Isso quer dizer que a PEC 241 não tem nada a ser criticado, é uma medida perfeita?

Em economia, nenhuma medida é imune a crítica. Não há consenso. A PEC tem pontos que podem ser discutidos, tais como o limite de 20 anos para a proposta (bastante longo), o fato de que sem uma reforma previdenciária ela não tem sustentação, entre vários outros.Contudo, a sua vigência não trará o caos alarmado por muitos para o país. A sua não existência, sim.

Mas, e os economistas que são contra a PEC?

De fato, existem economistas, com doutorado na área, pregando o apocalipse se a PEC for aprovada. Esse tipo de reação não é novidade. Muitos economistas, da mesma linha dos que pregam esse apocalipse, diziam coisas semelhantes sobre o Plano Real e sobre a Lei de Responsabilidade Fiscal, por exemplo. Hoje, contudo, sabemos que devemos o desenvolvimento que o país atingiu, a melhoria na distribuição de renda, os programas sociais, a essas políticas econômicas. Sem elas, nada disso teria sido possível.

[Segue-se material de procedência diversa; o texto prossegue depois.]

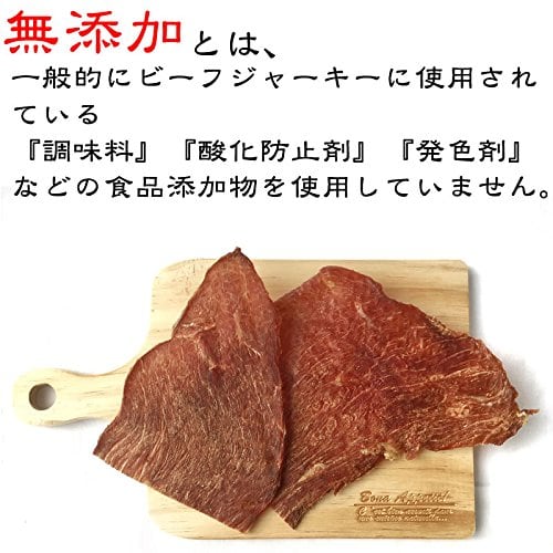 無添加ビーフジャーキー:最も味わい深いと言われるもも肉のみを贅沢に使用してます。噛めばかむほどその旨味があふれ、口の中に広がります。
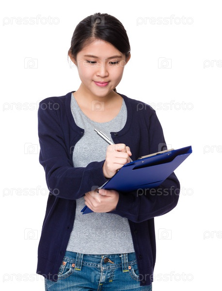 Молодая азиатская женщина записывает

Existe a economia que dá certo e a que dá errado. Mas, infelizmente, a ciência econômica não é entendida por muitos como ciência. Tem gente que, mesmo tendo “estudado” um bocado, ainda acha que força de vontade e boas intenções vão resolver muitos dos principais problemas da economia brasileira. Assim, se posicionam persistentemente do lado errado da história. Vale lembrar também que existiram muitos economistas que endossaram as políticas da Nova Matriz Econômica. Já sabemos o final dessa história, não é?


[1]Dados de 2014. IBPT.

[2] MTE/CAGED.

[3] IBGE/PNAD Contínua.

[4] IBGE/IPCA.

[5] BCB/Pesquisa FOCUS.

[6] Dados para 2015, retirados de FMI/WEO.